▼
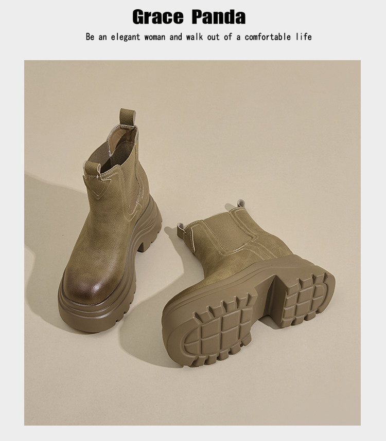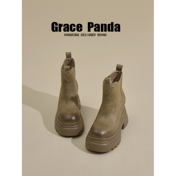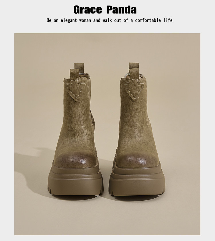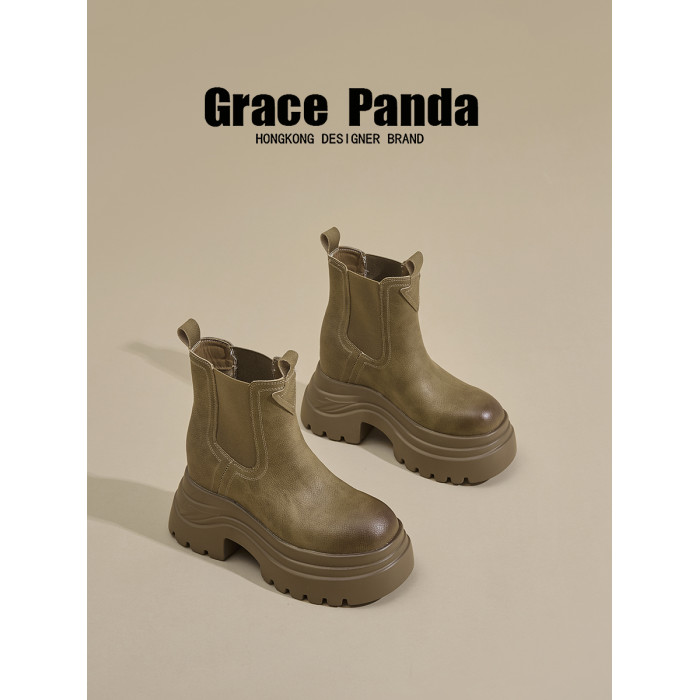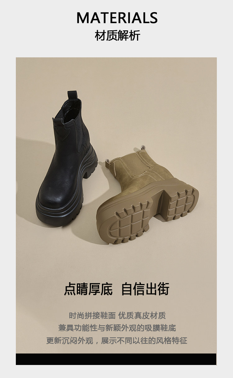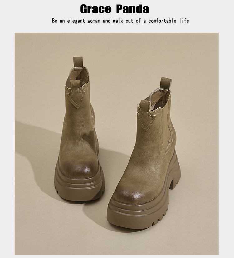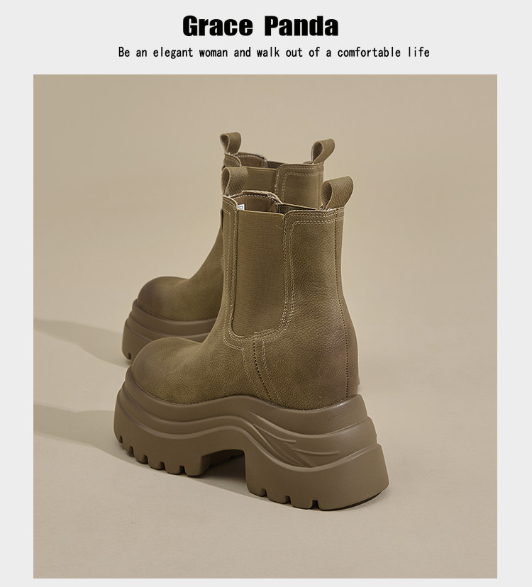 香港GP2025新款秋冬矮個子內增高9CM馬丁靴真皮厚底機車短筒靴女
▲
▼
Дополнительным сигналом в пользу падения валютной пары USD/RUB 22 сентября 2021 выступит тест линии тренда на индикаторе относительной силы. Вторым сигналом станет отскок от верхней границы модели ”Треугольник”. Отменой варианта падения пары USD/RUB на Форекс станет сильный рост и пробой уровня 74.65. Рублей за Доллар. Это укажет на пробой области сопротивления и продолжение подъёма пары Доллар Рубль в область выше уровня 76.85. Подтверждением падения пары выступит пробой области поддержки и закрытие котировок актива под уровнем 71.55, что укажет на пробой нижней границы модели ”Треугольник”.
▲
▼
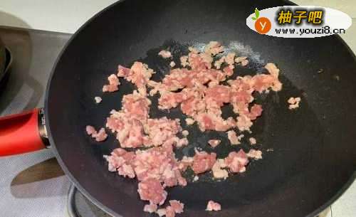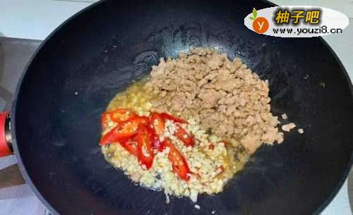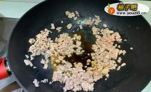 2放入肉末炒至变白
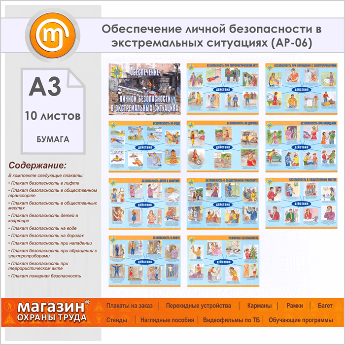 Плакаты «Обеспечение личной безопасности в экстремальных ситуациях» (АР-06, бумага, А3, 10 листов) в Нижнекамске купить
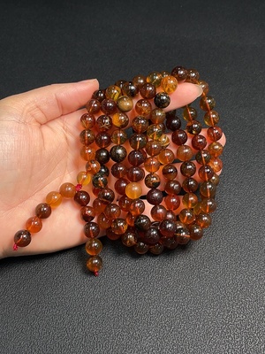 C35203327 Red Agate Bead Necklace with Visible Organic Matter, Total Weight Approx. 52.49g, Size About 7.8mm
▲
-- Work task --
Set down again, exactly, every line above from the one with "в Нижнекамске купить" down to the one with "C35203327 Red Agate", both ends included. No pictures, and nothing else.

-- Response --
 Плакаты «Обеспечение личной безопасности в экстремальных ситуациях» (АР-06, бумага, А3, 10 листов) в Нижнекамске купить
 C35203327 Red Agate Bead Necklace with Visible Organic Matter, Total Weight Approx. 52.49g, Size About 7.8mm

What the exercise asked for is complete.